A Baseball-less Future?

If sitting through the monotony of a four-hour playoff game doesn’t convince you that baseball is a dying sport, take a minute to think about all the recent innovations the four major sports have implemented in order to compete for American attention.

The NBA cracked down on handchecking, allowed zone defenses, and sped up the game by trimming the time needed for a backcourt violation and resetting the shot clock to 14 seconds instead of 24 seconds after a foul. The result is a game with more speed and more space for players.

The NHL cracked down on obstruction penalties, forbade the goalie from handling the puck in corners, allowed two line passes, and changed the offside rules to allow “tagging up.” The result is a game with more speed,  more space for players, and 90% fewer arbitrary play stoppages.
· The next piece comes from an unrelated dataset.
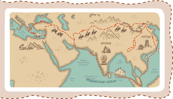– По возвращении домой он написал книгу о своём путешествии. И так подробно описал Великий шёлковый путь, что купцы из Европы смогли добраться по нему до Китая и Индии.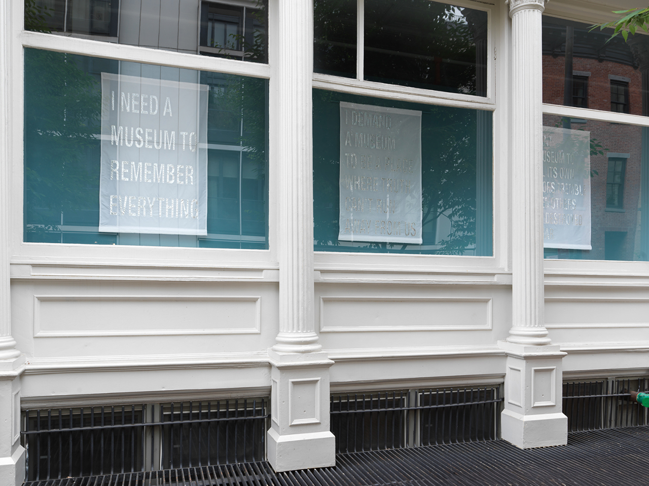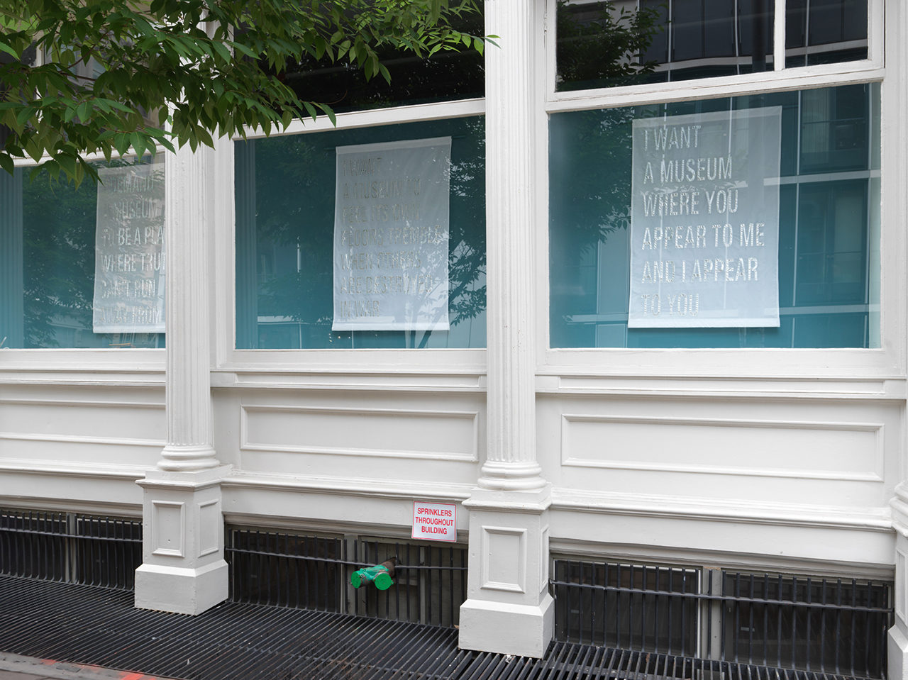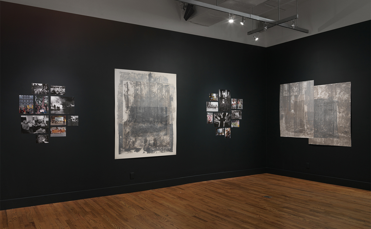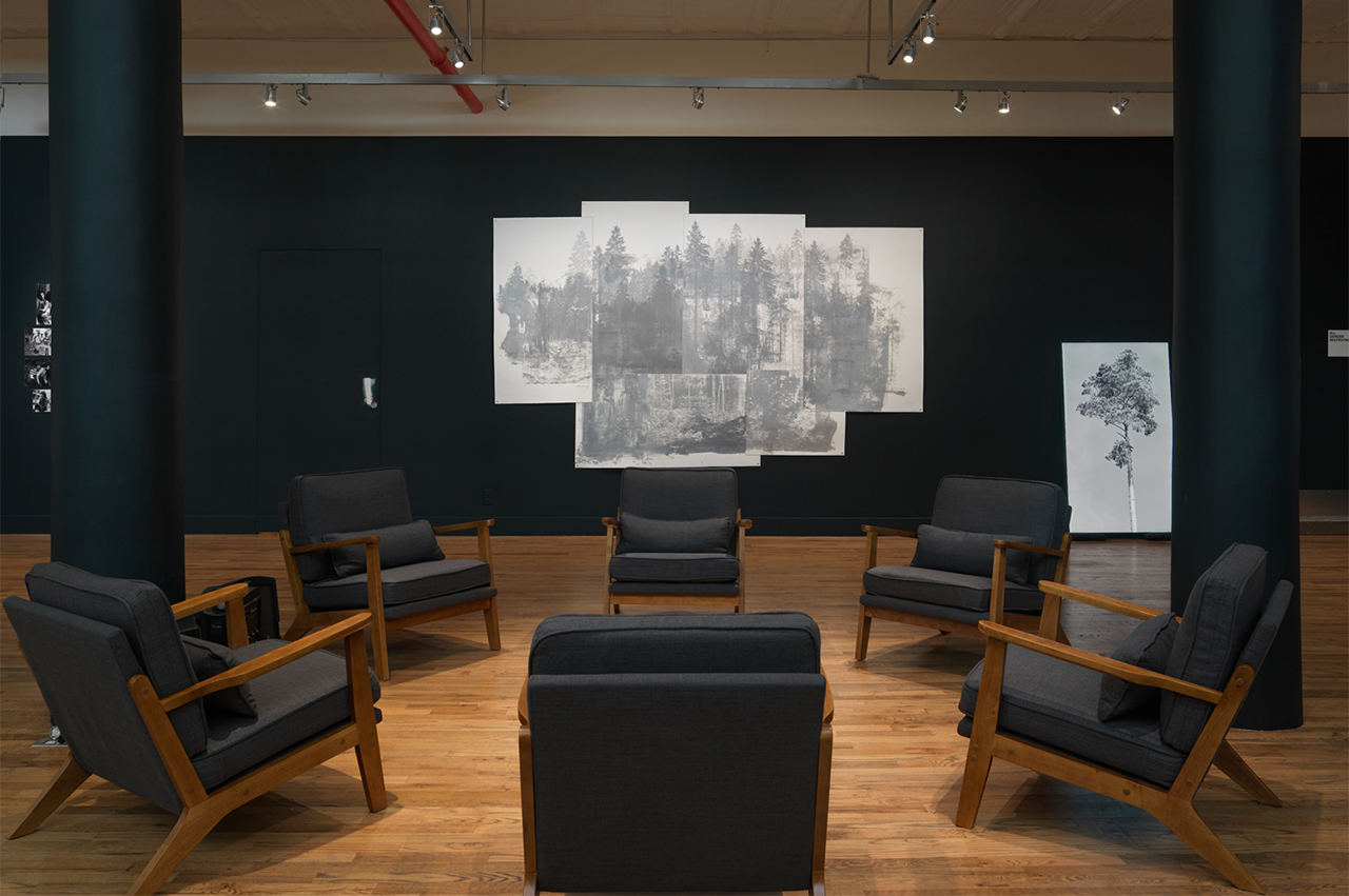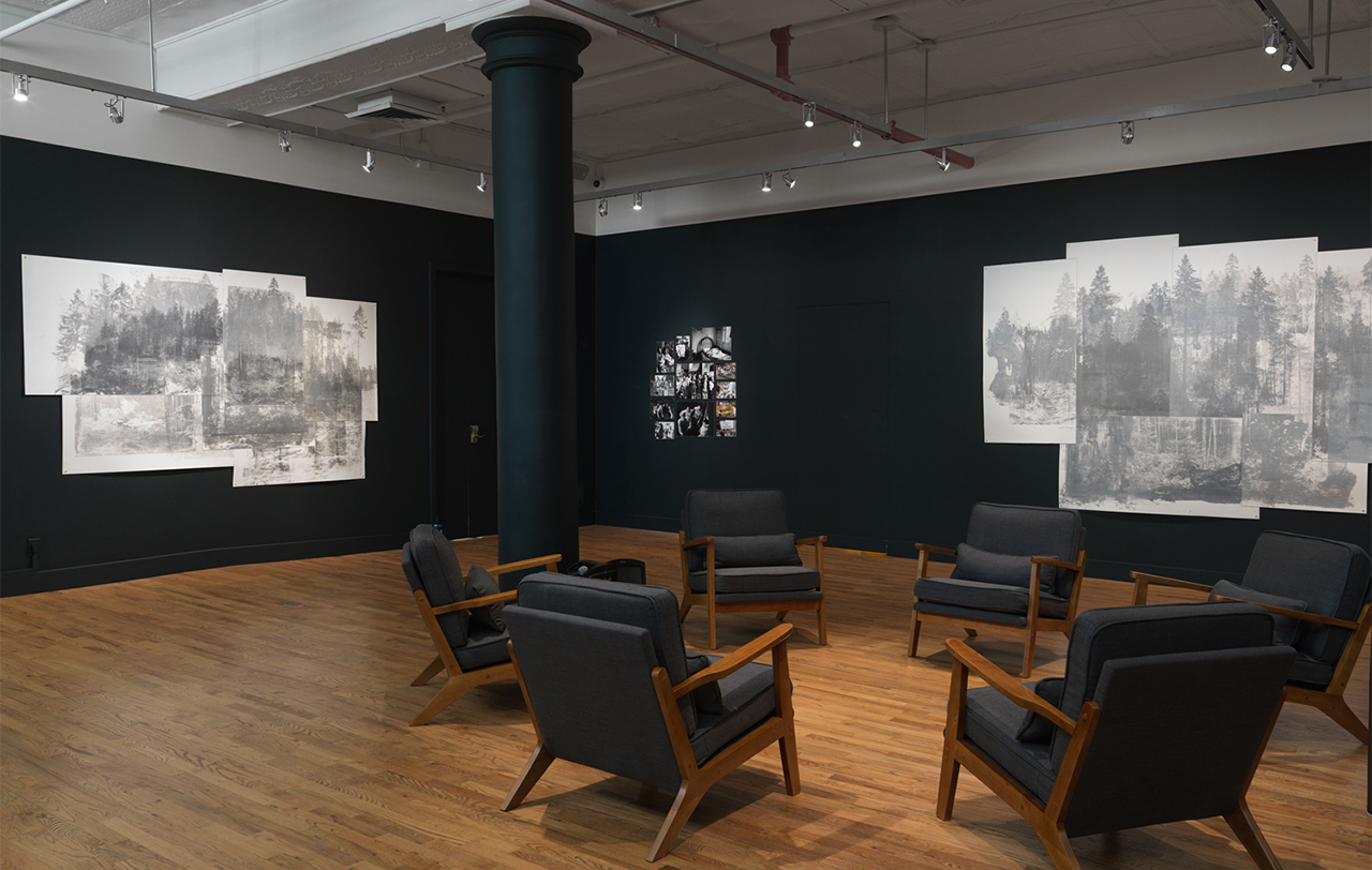 Within the gallery are two new bodies of work: a promise of lightning, a group of quilted and embroidered multilayered silkscreens; and breathturns, a multi-screen video installation. The imagery for both works is taken from the Black Forest in southern Germany, where the artist grew up and experienced her own queer formation. The works are interspersed with images of activist organizing and protests culled from the collection of the Leslie-Lohman Museum, and are accompanied by a newsprint publication and newly released online database. The Future is Now: An Impossible Archive of Queer Advocacy and Resistance brings together information on more than one thousand LGBTQIA+ historic and contemporary organizations in the United States gathered from online and offline archives, books, research papers, primary sources, and oral histories. These organizations engage(d) in community building and education; social, cultural, and political advocacy; and direct action. Conceived as an urgent and timely response to the current repressive political environment and the renewed violent culture wars waged on the LGBTQIA+ community, The Future is Now projects a resilient landscape of possibility, accomplishments, and community within which we can organize, advocate, and resist today. The archive can only ever be incomplete, holding both that which we can remember or research, and that which lies as intangible sustenance below a queer collective consciousness. Viewers will be able to take home a newsprint first-edition of The Future is Now, and are invited through an open submission form to contribute to this collective project of recording queer histories.

The NFL cracked down on the physical play of defensive backs. The result is game with more speed and more offense. (The NFL has actually made few changes, but they don’t really need to because NFL popularity continues to grow.)

Meanwhile, professional baseball has done nothing.  Batters step out of the box after after pitch. If by some miracle they don’t, you can count on the pitcher to take a walk around the rubber.  There is now more time between a pitch in a baseball game then there is between plays in an NFL game. That’s astounding.  A baseball game is too slow to watch on a DVR.  And I won’t even get into MLB’s indefensible decision to avoid instituting a rational instant replay policy (what’s wrong with the NFL’s two challenge system?) until there’s some disastrous poststeason event that allows a backlash-free implementation.

How can anybody associated with pro baseball think it can compete for increasingly short attention spans?  Once baby boomers start dying, the fans (and the pile of moolah everybody has beenn swimming in) will be gone.